The DNA from predator gut extracts was amplified in 20‐μl reactions containing 2 μl of template DNA, 10 μl of Quiagen multiplex master mix, 6 μl of water and 1 μl of the specific forward and reverse primers (at 10 μm). The PCR was run as above with the initial denaturation extended to 15 min. The intensity of each gel electrophoresis band, as visualized on UVP VisionWorks® ls analysis Software, was compared with the intensity of the 500‐bp ladder band, allowing all amplicons to be pooled into an equimolar library according to their intensity relative to the ladder. A gel extraction was performed on each pool to remove primer/dimer. Because of the high concentration of DNA in the pooled sample for the first round of sequencing (June and December), the sample was diluted 1:5 with purified water before running 20 μl in each of four lanes on a 1.5% aragose gel. In the second sequencing batch (February and September samples), 20 μl of the undiluted pooled sample was run in three gel lanes. The specific bands were dissected from the gel and processed using the QIAquick Gel Extraction kit (Qiagen) with a final elution volume of 40 μl. High‐throughput sequencing was conducted on an Ion Personal Genome Machine (IPM) using 400 bp chemistry at the Centre de Recerca en Agrigenòmica, Barcelona. In an attempt to account for the different number of individuals in the two sequencing runs and standardize the number of sequences per individual, a 318 chip (>3 million reads) was used for the first sequencing round and a 316 chip (>1.5 million reads) for the second.

2.4. Sequence analysis

Sequence processing was performed in Galaxy (usegalaxy.org, Blankenberg et al., 2010; Giardine et al., 2005; Goecks, Nekrutenko, Taylor, & Team, 2010). Sequences were split by forward and reverse MIDs and adaptors, primers and MIDs were removed before filtering sequences by length (260–300 bp). Sequences from each individual were collapsed into unique haplotypes, and rare haplotypes (<2 copies) were excluded. The remaining sequences from all individuals were combined and clustered into molecular operational taxonomic units (MOTU) using the usearch algorithm in Qiime (usearch61; Edgar, 2010). MOTU clustering was repeated with similarity thresholds decreasing in increments of 0.01 from 0.97 to 0.87. For each similarity value, representative sequences were selected from the resultant MOTUs and “BLASTed” directly at the NCBI website (http://blast.ncbi.nlm.nih.gov/blast) using nucleotide blast (Zhang, Schwartz, Wagner, & Miller, 2000) optimized for very similar sequences (megablast) on the nucleotide collection (nr/nt) using default parameters. The output from the blast alignment was imported into MEGAN (MEtaGenomics ANalyzer; Huson, Auch, Qi, & Schuster, 2007), which assigns taxonomy to each MOTU at the lowest level that encompasses the top blast hits. The optimal similarity threshold was the value that resulted in the lowest number of species (excluding chimeras) with multiple MOTUs allocated to them, whilst retaining the majority of species assignments (0.89).

2.5. Assigning taxonomy

The representative sequences from the optimal MOTU clustering were compared to the bold database (http://www.barcodinglife.org). Sequences were initially queried against the “species‐level barcode records” database. If a match was not found, then the sequence was queried against the “all barcode records” database, which includes barcodes that do not have species‐level identification. A sequence was assigned at the highest taxonomic resolution to which it had a >98% similarity (Clare, Lim, Fenton, & Hebert, 2011; King, Symondson, & Thomas, 2015). MOTUs producing no match (with >98% similarity) or matching to contaminants (e.g., bacteria, humans and algae) were removed from further analysis. The presence of each assigned MOTU was determined for each individual predator.

2.6. Data analysis

All analyses were carried out in R v. 3.1 (R Core Team, 2015). Analyses were based on the number of predator individuals testing positive for each prey species as NGS cannot reliably determine the relative abundance or biomass of prey species consumed (Pompanon et al., 2012).

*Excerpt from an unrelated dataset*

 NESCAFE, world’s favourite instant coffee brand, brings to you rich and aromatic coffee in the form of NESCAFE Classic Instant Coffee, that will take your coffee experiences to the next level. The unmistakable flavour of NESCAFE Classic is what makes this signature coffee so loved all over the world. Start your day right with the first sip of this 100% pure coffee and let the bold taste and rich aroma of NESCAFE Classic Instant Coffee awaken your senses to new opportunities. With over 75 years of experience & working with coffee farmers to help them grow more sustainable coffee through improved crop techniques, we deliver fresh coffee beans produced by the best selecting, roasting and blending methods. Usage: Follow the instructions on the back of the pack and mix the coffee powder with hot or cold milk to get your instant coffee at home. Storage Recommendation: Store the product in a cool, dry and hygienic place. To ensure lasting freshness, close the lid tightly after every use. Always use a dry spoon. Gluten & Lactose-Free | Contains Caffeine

Combining the data from two NGS runs may have introduced additional variation, as runs can vary due to factors such as sample storage time, or more likely slight differences between batches of reagents. To avoid any problems, we employed a conservative strategy in which: (i) in addition to running our analyses using all four seasons, we also ran each analysis separately for the two sampling runs (results not shown), confirming that the results were consistent with the overall analysis, and (ii) where we tested for differences amongst seasons in a model, we only compared seasons from the same NGS run (i.e., June vs. December and February vs. September).

2.7. Changes in potential prey resources across the intensity gradient

Changes in the macroinvertebrate community across the intensity gradient were visualized using nonmetric multidimensional scaling (NMDS) in two dimensions using Bray–Curtis similarities (Bray & Curtis, 1957). Data from all kick samples within each site were combined and fourth‐root transformed prior to analysis to down‐weight the influence of the most abundant taxa (Clarke & Warwick, 2001). The correlation between NMDS site scores and the agricultural intensity score was assessed with a permutation test in the vegan package's envfit function (Oksanen et al., 2013).

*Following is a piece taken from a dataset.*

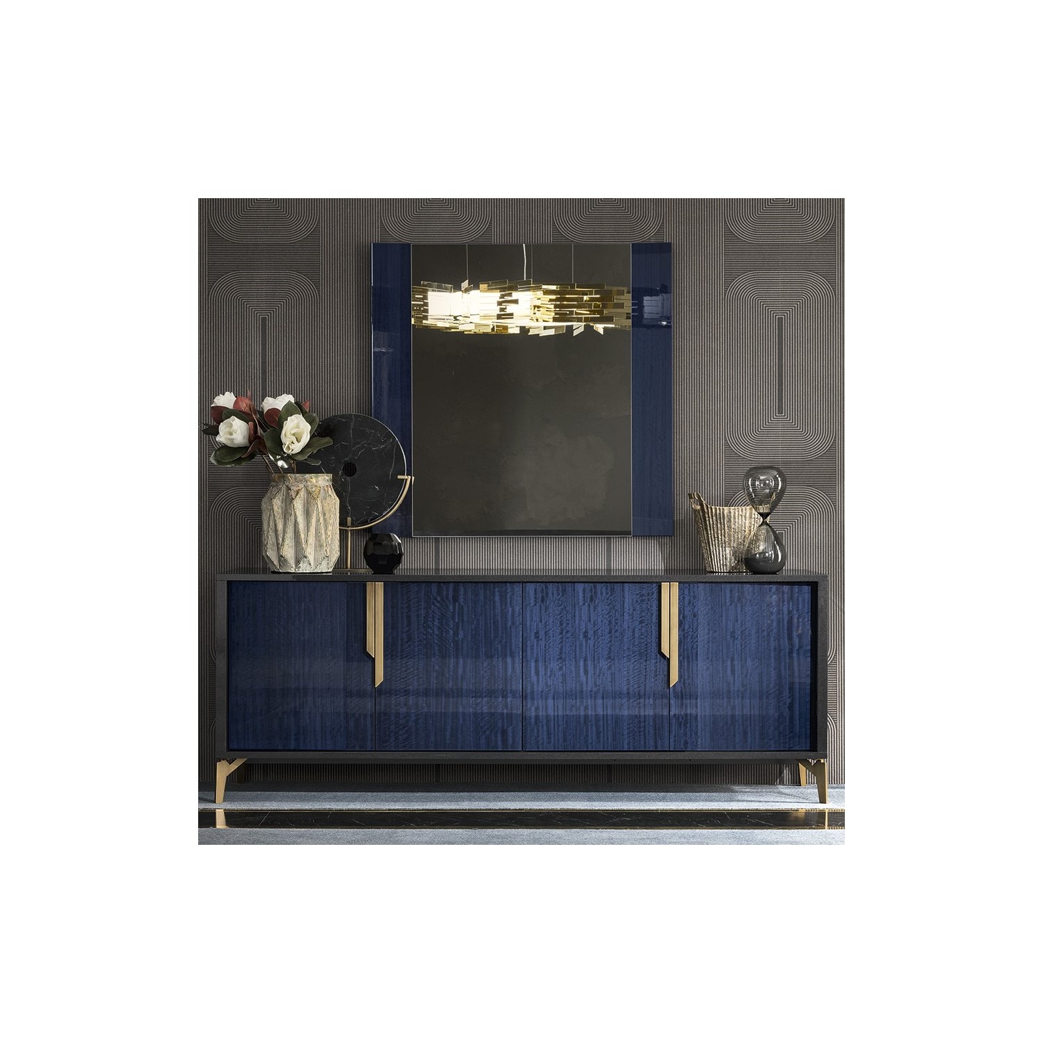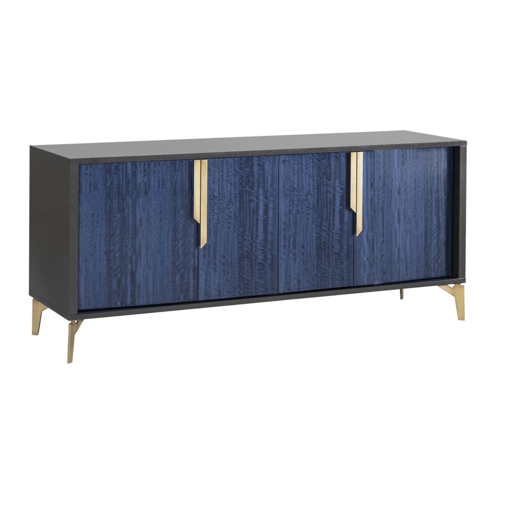 [0] => bella onda 4 door buffet - cobalt stained eucalyptus veneer w/ brushed brass accents. 70" x 20" x 31h"

Changes in prey abundance, richness and rarefied richness across the intensity gradient were modelled against agricultural intensity using linear mixed effects models (LMMs) in R's nlme package (Pinheiro, Bates, DebRoy, Sarkar, & R Core Team, 2015). Site was included as a random factor to account for the nonindependence of four seasonal samples taken from each location. Sampling completeness for predator diets was assessed by constructing smoothed species accumulation curves using vegan's specaccum function (Oksanen et al., 2013), and estimating the total number of species present, as well as the number of individual predators needed to find 90% and 50% of the total prey taxa.

2.8. Comparison of D. cephalotes and R. dorsalis diets

The diets of D. cephalotes and R. dorsalis were compared in terms of their overall composition, breadth, overlap and their apparent prey choices. The overall similarity amongst sites and seasons (n = 59) was assessed using NMDS as described above, with the proportion of individuals that consumed each prey taxon in place of prey abundance. For sites and seasons where both predators were present (n = 21), permutational multivariate analysis of variance was used to test whether their diets were significantly different (vegan's adonis function; Oksanen et al., 2013). The two species' diet breadths were compared for the same 21 site‐season combinations using: (i) the mean number of prey taxa detected per individual, and (ii) Levins' standardized measure of niche breadth (B A; equation 1 in Razgour et al., 2011), where smaller values of B A indicate greater specialization. B A controls for the number of potential prey, facilitating comparisons amongst locations. Differences in the breadth measures between the predators were tested using LMMs with the site as a random term to control for multiple, seasonal samples. To test whether the diet breadth of Rdorsalis increased in the absence of D. cephalotes, B A for R. dorsalis was modelled across all sites using a LMM, with the presence–absence of D. cephalotes as an explanatory variable and site as a random term.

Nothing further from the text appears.